Kitab Suci Alquran mengandung banyak aspek substansi kehidupan.

Azyumardi Azra
Foto:

Dengan sifat mujmal-nya, ayat-ayat dalam bidang tertentu, seperti kalam, ibadah, muamalah, dan seterusnya dengan tetap berpegang pada prinsip dasar ajarannya, juga dapat ditafsirkan terus-menerus untuk menjawab tantangan dunia yang terus berubah. Di sinilah terletak universalitas Alquran, yang berlaku untuk sepanjang zaman dan tempat.

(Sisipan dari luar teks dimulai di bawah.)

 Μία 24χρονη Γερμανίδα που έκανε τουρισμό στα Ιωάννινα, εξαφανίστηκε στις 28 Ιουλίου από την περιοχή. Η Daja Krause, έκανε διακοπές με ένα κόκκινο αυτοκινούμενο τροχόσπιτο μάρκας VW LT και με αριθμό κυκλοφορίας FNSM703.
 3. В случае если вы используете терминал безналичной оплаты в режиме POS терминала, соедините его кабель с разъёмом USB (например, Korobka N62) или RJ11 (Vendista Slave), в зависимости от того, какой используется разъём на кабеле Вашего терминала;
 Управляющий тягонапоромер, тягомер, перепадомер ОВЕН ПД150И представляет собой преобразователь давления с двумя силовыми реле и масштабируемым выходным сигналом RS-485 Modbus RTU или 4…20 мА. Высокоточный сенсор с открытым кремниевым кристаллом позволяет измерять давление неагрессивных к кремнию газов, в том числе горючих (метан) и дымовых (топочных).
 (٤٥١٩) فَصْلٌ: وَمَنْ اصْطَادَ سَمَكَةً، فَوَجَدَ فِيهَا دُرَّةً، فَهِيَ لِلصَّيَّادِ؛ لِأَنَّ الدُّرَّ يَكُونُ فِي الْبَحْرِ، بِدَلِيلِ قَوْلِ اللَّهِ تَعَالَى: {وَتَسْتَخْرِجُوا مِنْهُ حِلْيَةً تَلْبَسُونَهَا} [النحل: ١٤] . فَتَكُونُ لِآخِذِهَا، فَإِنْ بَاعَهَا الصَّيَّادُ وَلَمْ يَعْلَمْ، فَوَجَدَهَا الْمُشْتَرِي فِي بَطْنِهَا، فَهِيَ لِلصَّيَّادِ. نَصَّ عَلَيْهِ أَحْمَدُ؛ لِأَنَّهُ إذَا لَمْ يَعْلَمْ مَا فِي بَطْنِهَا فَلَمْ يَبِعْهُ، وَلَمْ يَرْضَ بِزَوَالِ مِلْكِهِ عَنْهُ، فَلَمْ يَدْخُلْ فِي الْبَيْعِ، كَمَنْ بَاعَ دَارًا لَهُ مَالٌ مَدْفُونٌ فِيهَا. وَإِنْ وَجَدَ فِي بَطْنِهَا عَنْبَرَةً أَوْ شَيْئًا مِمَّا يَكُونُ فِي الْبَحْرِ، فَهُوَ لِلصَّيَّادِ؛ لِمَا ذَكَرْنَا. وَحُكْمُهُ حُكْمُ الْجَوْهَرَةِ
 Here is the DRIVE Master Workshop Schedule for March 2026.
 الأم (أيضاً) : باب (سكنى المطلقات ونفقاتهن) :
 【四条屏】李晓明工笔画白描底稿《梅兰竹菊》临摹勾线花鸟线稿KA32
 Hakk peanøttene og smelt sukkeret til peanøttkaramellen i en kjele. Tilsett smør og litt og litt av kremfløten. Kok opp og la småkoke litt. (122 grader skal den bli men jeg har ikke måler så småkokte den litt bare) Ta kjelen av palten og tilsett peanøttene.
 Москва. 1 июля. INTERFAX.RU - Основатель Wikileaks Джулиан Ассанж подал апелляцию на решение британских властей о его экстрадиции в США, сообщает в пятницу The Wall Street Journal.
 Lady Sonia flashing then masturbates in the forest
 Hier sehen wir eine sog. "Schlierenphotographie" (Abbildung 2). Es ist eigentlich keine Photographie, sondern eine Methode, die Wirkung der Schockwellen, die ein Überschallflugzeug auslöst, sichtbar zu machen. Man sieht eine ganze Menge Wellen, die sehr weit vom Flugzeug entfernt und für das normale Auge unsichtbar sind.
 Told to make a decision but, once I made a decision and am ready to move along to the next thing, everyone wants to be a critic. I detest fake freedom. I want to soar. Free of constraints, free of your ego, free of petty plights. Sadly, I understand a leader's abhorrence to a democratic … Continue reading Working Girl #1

Namun, ajaran-ajaran universal Alquran perlu perincian dan elaborasi yang bersifat partikular. Hal ini terkait dengan akidah, ibadah, dan muamalah yang diimani dan dilaksanakan penganut Islam. Perincian dan elaborasi itu bersifat teknis, yang dalam kajian dan ilmu Islam disebut ‘fiqh’ yang juga berarti ‘ketentuan hukum-hukum syariah praktis yang digali dari dalil-dalilnya secara perinci’.

Dalam bahasa birokrasi pemerintahan dan swasta sekarang, fiqh dapat disebut semacam ‘protap’ (prosedur tetap) atau SOP (standard operating procedure) atau ‘petunjuk pelaksanaan’ (juklak) dan petunjuk teknis (juknis). Bila ayat Alquran (atau syariah) sebagai dalil dasar fiqh bersifat tetap atau tidak berubah, fiqh dapat berkembang guna menjawab masalah baru yang memerlukan juklak dan juknis.

Dengan demikian, ‘syariah’ (ayat-ayat Alquran) tidak berubah, sebaliknya fiqh berkembang sesuai kebutuhan. Salah satu contoh paling jelas sekarang adalah mengenai ekonomi Islam atau perbankan Islam. Ayat-ayat Alquran mengenai ekonomi, bisnis, dan perdagangan hanya berbicara mujmal; berbagai ketentuan perinci tentang perbankan Islam atau takaful adalah fiqh sebagai hasil ijtihad ulama.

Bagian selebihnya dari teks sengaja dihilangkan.